多くの国では、体臭を消すために香水をつけるのは「マナー」です。 しかし、素材の香りを大切にする日本の飲食店では、強い香水は「香害(スメハラ)」になります。
「無香料」を指定する: 「日本のレストランでは料理の匂いを楽しむ文化がある。香りは料理の邪魔になるから禁止されているんだ」と背景を説明しましょう。制汗剤を使う場合は「無香料タイプ」を指定するのがベストな落とし所です。
4. 難問③「ヒジャブ」:宗教的配慮と安全確保

イスラム教徒の女性が被る「ヒジャブ」は、彼女たちにとって「外出時の服」そのものです。絶対に強制的に外させてはいけません。着用を認めた上で、安全基準に合わせてもらいます。
- 色の指定: ユニフォームに馴染む「白」や「黒」、あるいは「店のロゴカラー」を指定します。
- 安全な形状の推奨: ヒラヒラした長いスカーフは巻き込みや引火の危険があるため、被るタイプの「スポーツ用ヒジャブ」を制服として支給するのが理想的です。

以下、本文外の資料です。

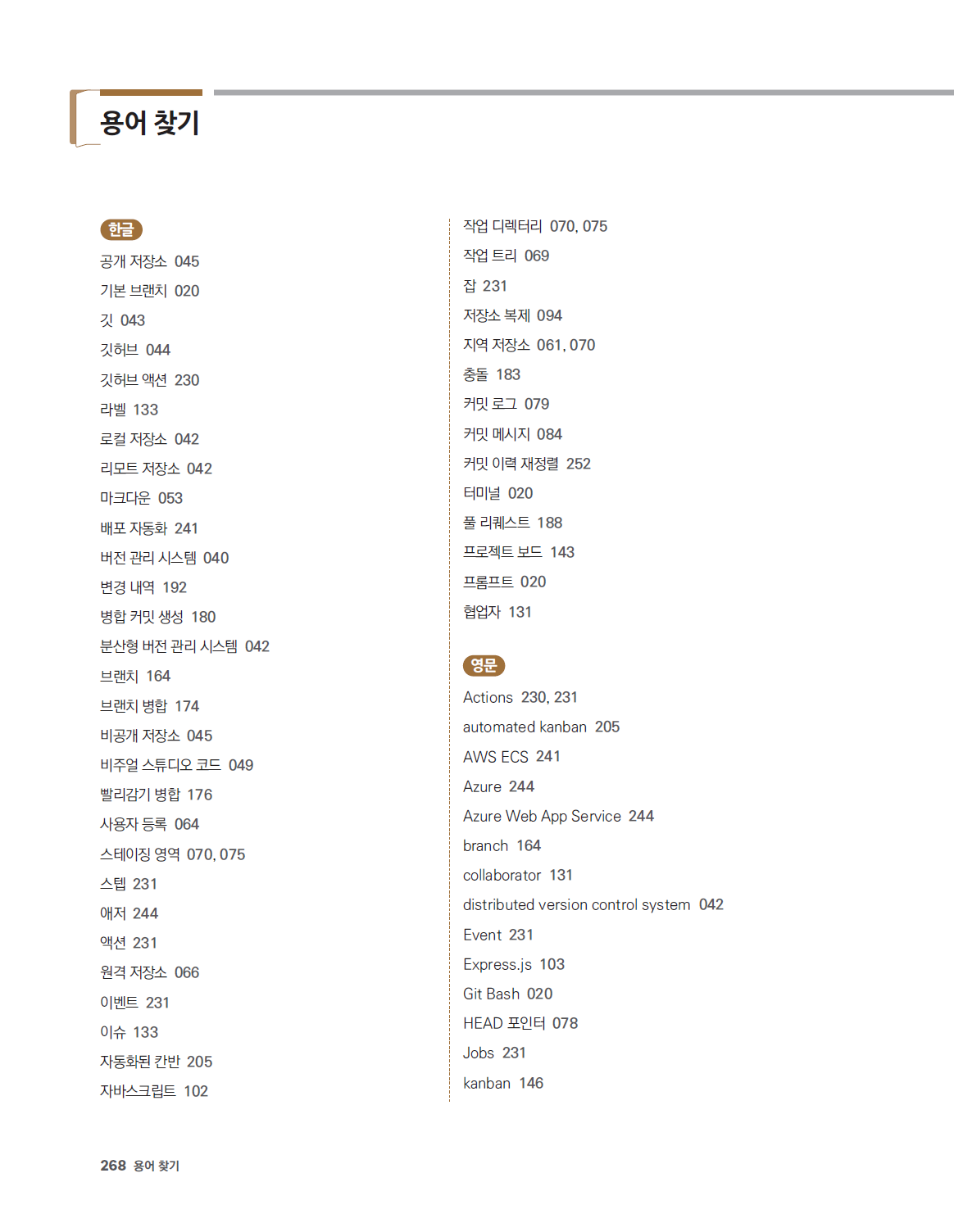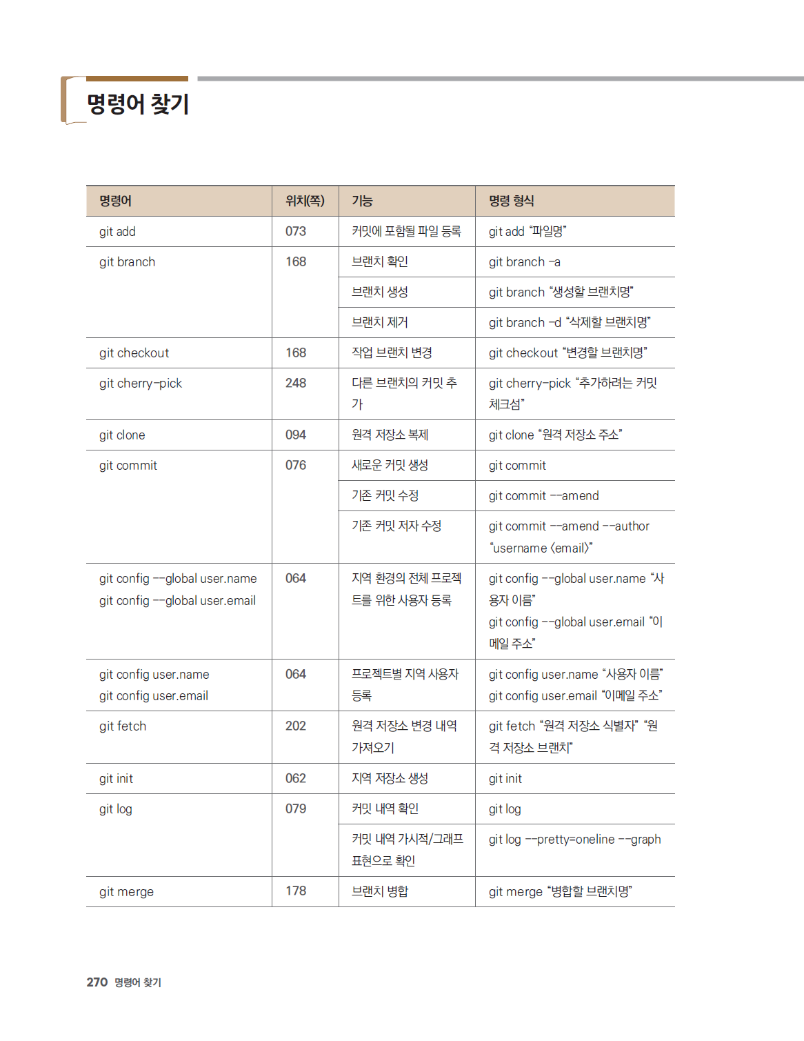 찾아보기(인덱스)는 해당 키워드와 다루는 페이지만 보여줍니다. 그런데 명령어라는 특성상 사용법을 곧바로 확인할 수 있게 구성했습니다. 이 역시 독자의 편의를 증대하고 시간을 아끼려는 노력이죠.

- 裾の処理: 長い部分はコックコートの中に入れ込ませ、作業の邪魔にならないようにします。
5. 差別と言われない「伝え方」の魔法

身だしなみの指摘は、一歩間違えるとパワハラや差別になりかねません。 重要なのは、「入社前の合意」と「ビジュアル提示」です。
面接時に「写真」で見せる
言葉だけで伝えるのではなく、面接の時点で「当店の身だしなみルール(写真付き)」を見せましょう。
- 爪の長さの写真(OK/NG)
- 髪型の写真
- ピアスの禁止マーク
これを見せて、「このルールを守れますか?」と確認し、合意した人だけを採用します。 これなら後で注意した際も、共通の認識として指導がスムーズになります。
まとめ:個性は尊重しつつ、安全は譲らない
外国人スタッフの個性を尊重することは大切ですが、「衛生管理」において妥協する必要はありません。
- ネイル・アクセは「異物混入防止」を理由に完全禁止。
- 髭は「剃れ」とは言わず「ネットで防げ」と指示する。
- ヒジャブは「スポーツタイプ」を指定し、安全を確保する。
「日本の飲食店は世界一清潔だ」という誇りを共有し、そのクオリティを維持するためのルールだと論理的に説明すれば、彼らもプロとして協力してくれるはずです。